== Source information

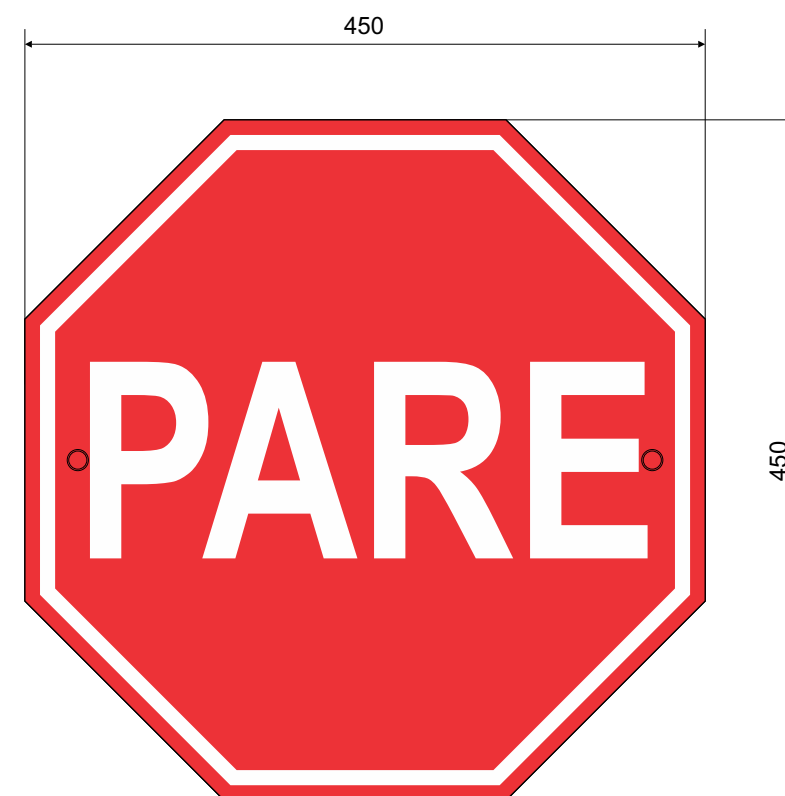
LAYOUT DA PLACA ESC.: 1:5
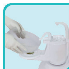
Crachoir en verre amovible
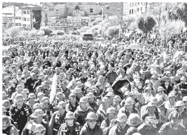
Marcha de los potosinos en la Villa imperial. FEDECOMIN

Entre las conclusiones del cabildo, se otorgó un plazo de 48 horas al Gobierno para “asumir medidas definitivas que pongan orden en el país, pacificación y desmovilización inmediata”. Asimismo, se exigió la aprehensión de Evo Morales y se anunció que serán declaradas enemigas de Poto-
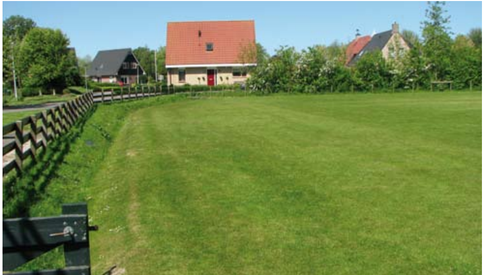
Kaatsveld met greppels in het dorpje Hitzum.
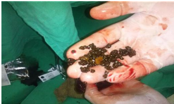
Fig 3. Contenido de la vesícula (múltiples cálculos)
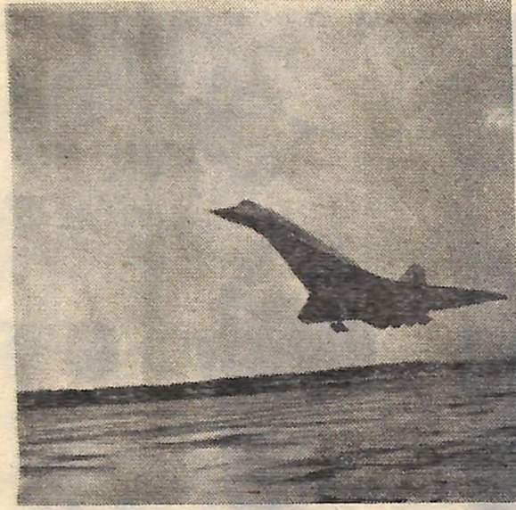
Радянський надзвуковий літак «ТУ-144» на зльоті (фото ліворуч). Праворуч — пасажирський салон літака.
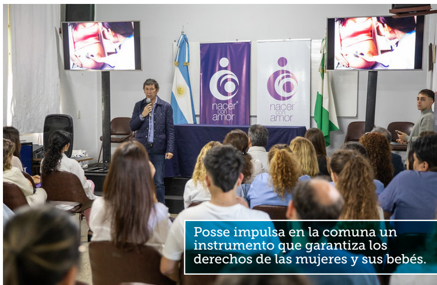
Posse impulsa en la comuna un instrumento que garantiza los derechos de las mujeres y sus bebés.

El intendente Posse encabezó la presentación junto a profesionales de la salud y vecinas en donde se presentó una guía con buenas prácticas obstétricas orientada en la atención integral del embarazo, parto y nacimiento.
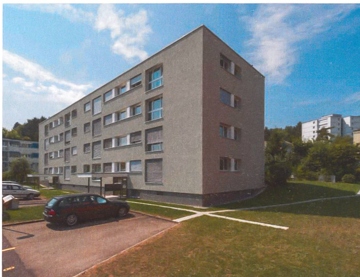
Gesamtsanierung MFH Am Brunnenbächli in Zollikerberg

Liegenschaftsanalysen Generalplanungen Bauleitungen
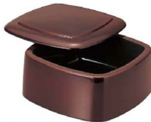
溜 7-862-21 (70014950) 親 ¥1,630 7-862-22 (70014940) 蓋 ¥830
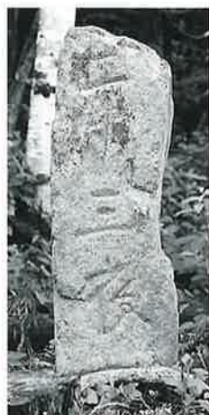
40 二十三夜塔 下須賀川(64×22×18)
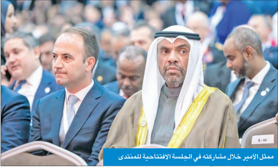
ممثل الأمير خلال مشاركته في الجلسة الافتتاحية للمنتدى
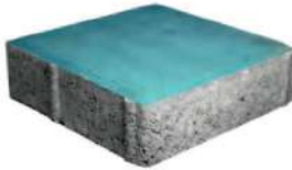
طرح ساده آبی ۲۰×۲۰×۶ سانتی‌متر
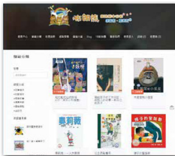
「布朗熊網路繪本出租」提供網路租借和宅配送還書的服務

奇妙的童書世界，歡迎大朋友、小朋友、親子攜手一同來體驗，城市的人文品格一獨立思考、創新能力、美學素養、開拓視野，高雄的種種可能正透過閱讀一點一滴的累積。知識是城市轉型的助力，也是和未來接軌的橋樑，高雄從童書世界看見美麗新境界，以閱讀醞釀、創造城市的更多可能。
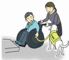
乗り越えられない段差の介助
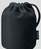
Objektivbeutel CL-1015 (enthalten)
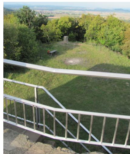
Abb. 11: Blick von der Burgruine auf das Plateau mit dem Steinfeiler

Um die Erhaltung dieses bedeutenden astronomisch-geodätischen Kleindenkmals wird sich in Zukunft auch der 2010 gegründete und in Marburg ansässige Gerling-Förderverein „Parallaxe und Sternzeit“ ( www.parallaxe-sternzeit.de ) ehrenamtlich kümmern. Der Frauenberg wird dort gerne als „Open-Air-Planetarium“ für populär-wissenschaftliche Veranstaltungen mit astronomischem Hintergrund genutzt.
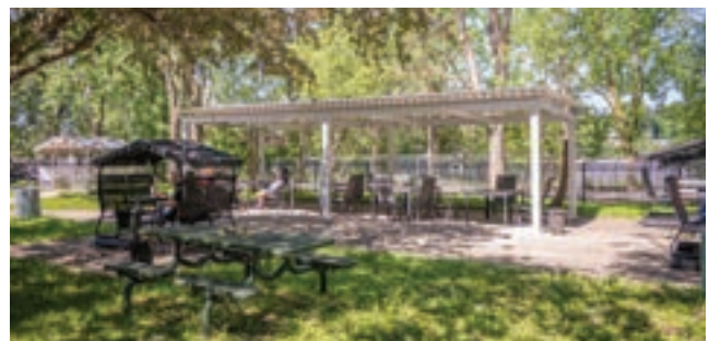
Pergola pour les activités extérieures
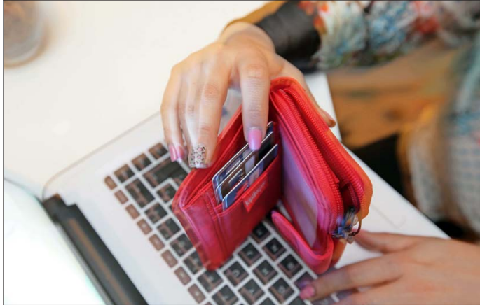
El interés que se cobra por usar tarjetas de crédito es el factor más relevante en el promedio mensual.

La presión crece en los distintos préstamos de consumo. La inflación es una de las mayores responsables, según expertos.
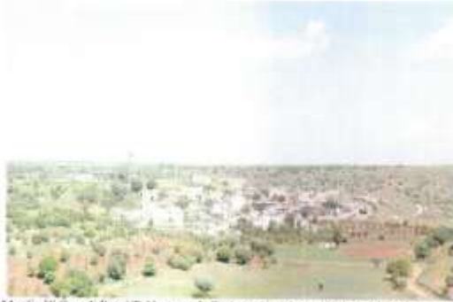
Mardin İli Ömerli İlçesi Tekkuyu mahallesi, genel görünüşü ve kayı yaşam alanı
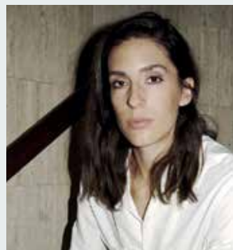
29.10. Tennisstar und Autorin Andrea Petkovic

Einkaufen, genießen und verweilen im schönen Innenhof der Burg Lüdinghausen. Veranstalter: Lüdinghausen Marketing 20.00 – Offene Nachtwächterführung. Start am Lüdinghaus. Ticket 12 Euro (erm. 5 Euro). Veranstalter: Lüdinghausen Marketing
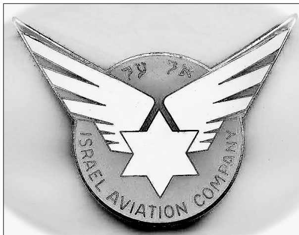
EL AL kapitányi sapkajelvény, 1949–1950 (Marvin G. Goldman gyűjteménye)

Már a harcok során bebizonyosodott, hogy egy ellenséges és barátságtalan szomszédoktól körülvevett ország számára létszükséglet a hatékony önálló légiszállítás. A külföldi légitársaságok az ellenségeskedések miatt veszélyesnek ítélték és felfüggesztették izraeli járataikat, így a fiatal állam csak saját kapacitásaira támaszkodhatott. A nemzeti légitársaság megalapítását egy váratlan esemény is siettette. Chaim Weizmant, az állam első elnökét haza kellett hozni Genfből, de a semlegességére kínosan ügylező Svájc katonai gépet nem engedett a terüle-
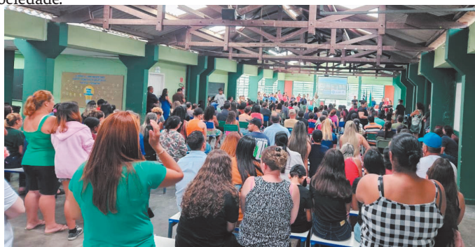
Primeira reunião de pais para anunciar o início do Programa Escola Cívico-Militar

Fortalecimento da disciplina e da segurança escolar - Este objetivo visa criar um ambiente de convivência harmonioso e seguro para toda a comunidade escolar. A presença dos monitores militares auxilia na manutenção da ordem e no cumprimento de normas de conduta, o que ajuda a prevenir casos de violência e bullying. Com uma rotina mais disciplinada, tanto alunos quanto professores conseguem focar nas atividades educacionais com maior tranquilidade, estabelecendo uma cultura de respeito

====
== Source information

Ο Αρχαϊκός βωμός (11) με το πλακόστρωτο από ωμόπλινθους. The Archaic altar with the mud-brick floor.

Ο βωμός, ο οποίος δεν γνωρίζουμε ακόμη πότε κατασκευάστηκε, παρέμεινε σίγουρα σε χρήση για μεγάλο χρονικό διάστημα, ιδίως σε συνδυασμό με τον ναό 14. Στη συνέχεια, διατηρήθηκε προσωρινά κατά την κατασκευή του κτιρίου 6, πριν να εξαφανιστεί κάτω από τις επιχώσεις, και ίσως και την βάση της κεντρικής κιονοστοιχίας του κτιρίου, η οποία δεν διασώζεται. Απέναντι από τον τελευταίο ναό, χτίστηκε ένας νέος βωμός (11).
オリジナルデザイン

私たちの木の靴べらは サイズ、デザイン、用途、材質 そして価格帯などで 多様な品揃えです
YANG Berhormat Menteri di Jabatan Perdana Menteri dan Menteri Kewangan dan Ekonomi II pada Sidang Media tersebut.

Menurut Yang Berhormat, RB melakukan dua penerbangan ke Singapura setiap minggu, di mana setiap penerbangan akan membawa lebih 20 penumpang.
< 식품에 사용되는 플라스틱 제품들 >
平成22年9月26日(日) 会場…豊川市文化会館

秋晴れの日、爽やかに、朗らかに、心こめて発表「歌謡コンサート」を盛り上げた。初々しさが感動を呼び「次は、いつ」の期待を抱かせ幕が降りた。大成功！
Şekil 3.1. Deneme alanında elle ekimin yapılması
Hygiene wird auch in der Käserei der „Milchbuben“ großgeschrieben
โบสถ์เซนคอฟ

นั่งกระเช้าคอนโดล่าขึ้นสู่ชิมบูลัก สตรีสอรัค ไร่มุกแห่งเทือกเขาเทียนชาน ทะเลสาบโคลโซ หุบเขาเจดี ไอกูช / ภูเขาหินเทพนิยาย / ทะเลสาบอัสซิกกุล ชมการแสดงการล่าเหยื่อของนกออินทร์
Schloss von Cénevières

====
== Source information

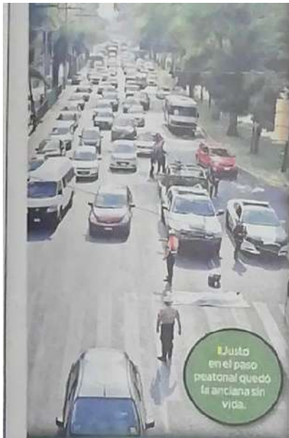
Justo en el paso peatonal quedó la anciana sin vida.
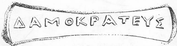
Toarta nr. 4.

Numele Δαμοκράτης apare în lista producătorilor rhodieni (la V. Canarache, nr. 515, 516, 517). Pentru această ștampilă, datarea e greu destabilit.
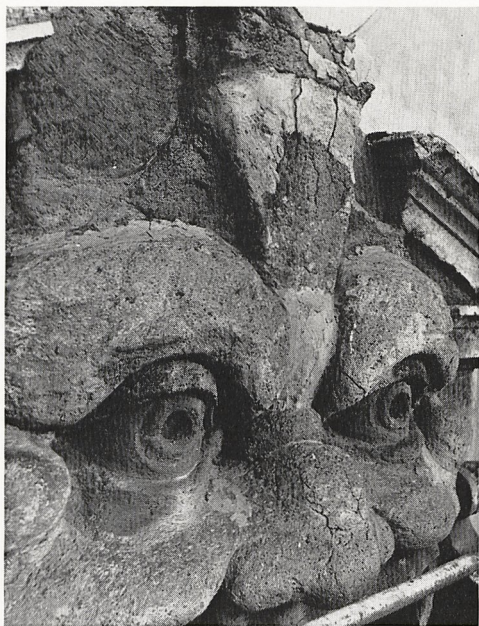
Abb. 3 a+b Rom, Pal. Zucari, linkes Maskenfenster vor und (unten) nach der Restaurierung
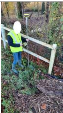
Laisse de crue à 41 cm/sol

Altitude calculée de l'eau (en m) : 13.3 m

====

=== Your objective ===
Although pictures appear among the records above, write out exactly only the lines from the one that has "LAYOUT DA PLACA ESC.: 1:5" through the one that has "Marcha de los", and leave the pictures out.

=== Expected answer ===
LAYOUT DA PLACA ESC.: 1:5
Crachoir en verre amovible
Marcha de los potosinos en la Villa imperial. FEDECOMIN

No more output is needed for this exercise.